→ TASK INSTRUCTIONS
Beginning with the line containing "Every pinecone pendant" and going on through the line containing "Zapatillas Adidas Samba", the lines below are to be returned exactly, pictures excluded and nothing added.

→ PROVIDED ENTRIES
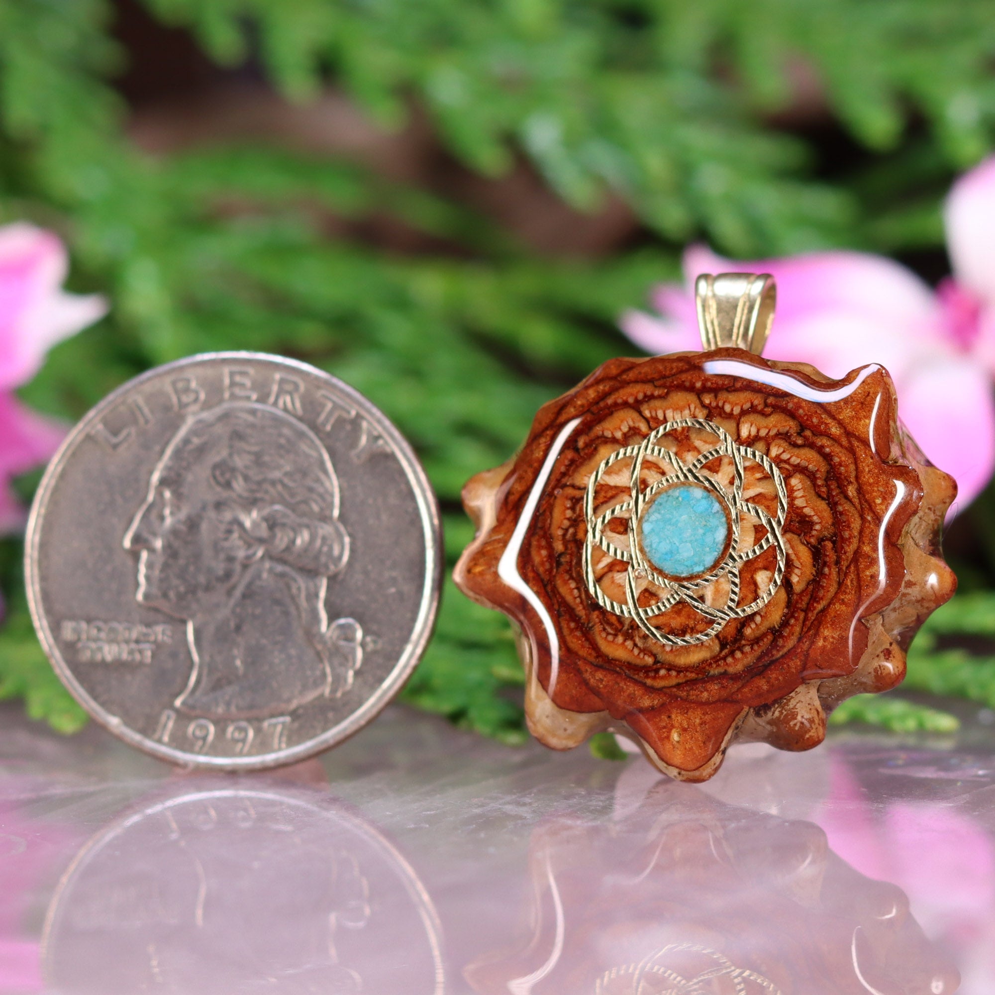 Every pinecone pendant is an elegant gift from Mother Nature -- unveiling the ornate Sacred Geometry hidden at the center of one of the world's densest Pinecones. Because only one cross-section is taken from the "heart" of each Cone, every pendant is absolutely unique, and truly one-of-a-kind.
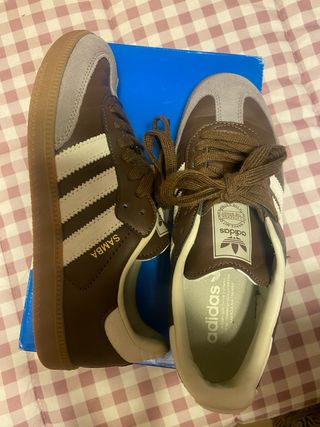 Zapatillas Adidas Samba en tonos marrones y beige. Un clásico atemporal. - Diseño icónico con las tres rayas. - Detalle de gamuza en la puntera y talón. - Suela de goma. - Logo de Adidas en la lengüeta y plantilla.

---

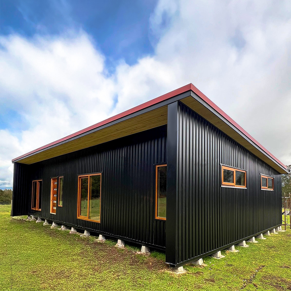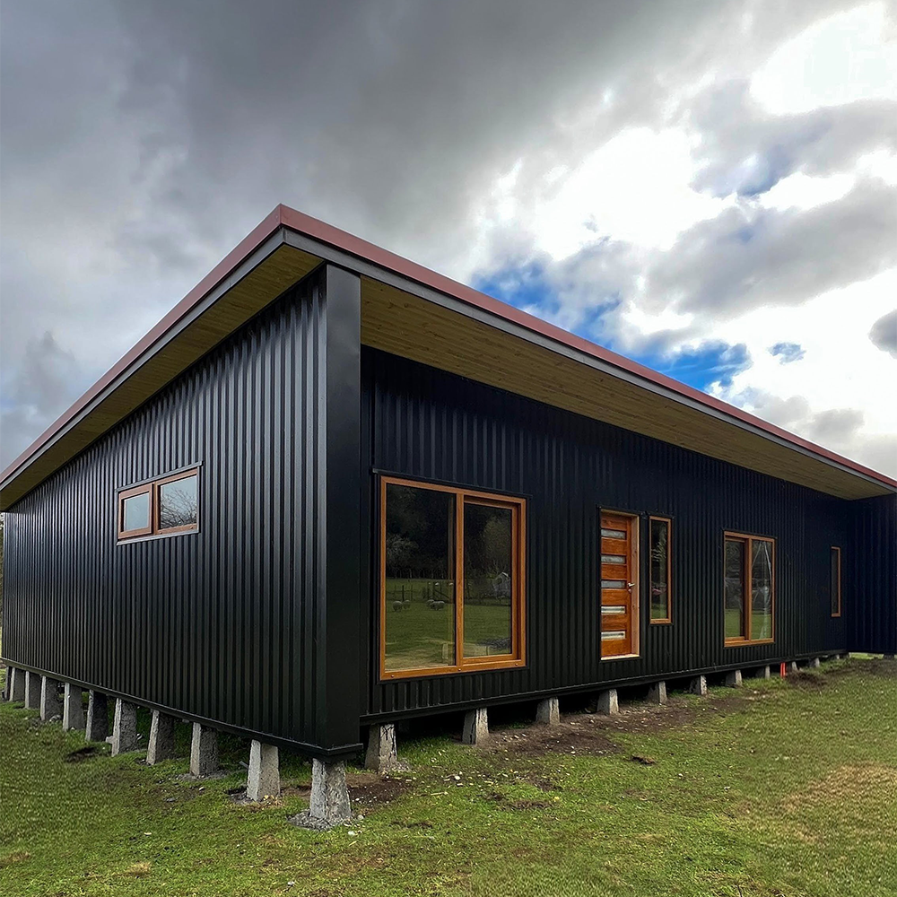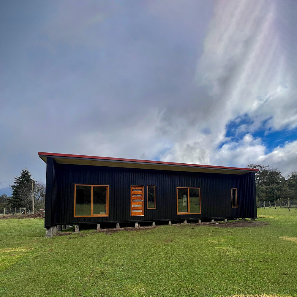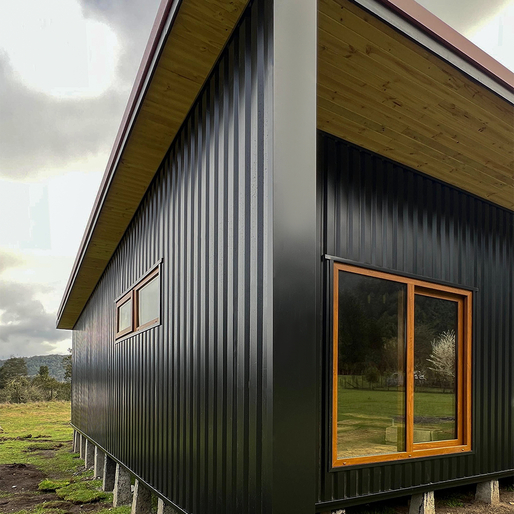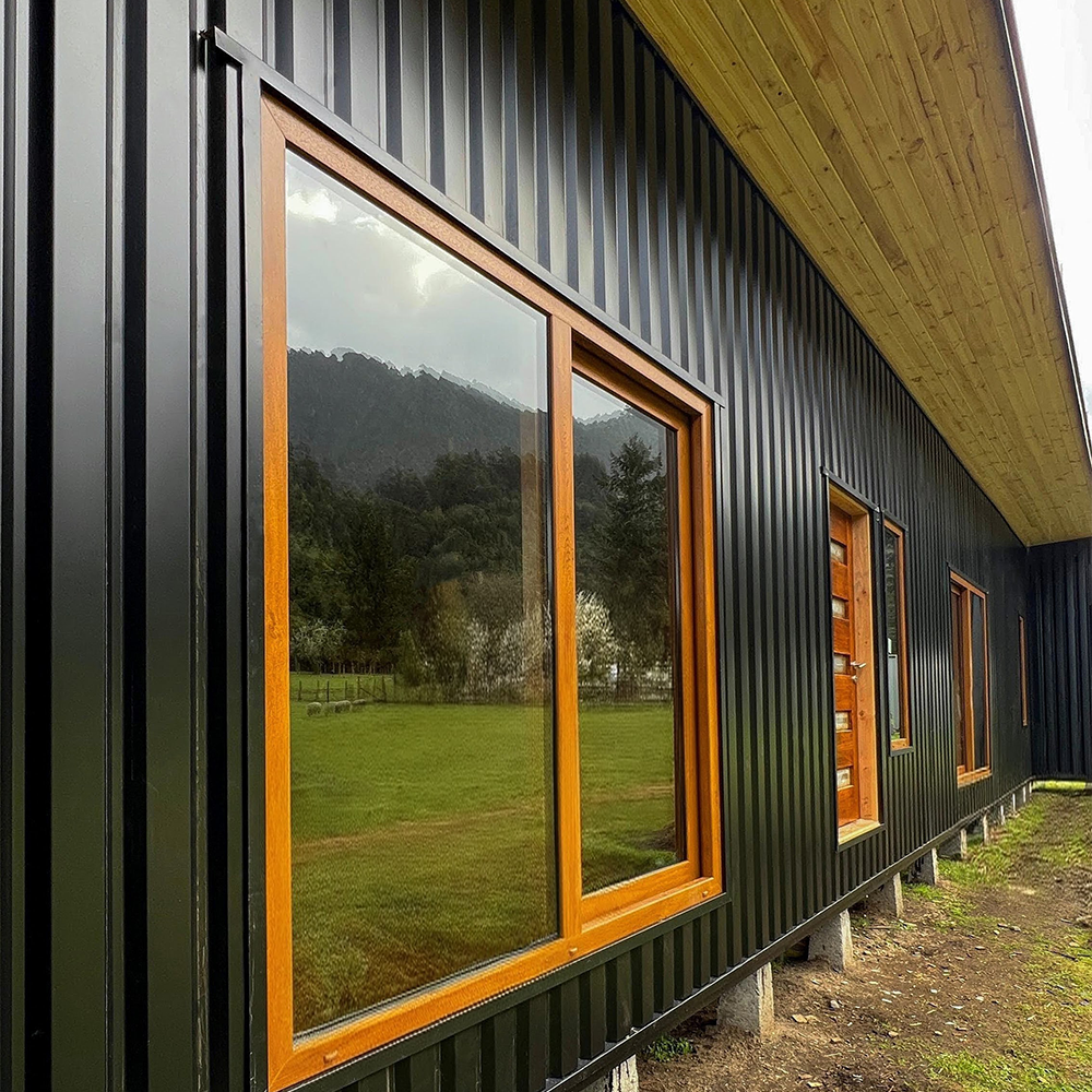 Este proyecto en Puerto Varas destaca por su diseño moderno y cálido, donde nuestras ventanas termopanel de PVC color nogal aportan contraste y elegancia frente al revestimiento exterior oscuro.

→ SOLVED EXERCISE
 Every pinecone pendant is an elegant gift from Mother Nature -- unveiling the ornate Sacred Geometry hidden at the center of one of the world's densest Pinecones. Because only one cross-section is taken from the "heart" of each Cone, every pendant is absolutely unique, and truly one-of-a-kind.
 Zapatillas Adidas Samba en tonos marrones y beige. Un clásico atemporal. - Diseño icónico con las tres rayas. - Detalle de gamuza en la puntera y talón. - Suela de goma. - Logo de Adidas en la lengüeta y plantilla.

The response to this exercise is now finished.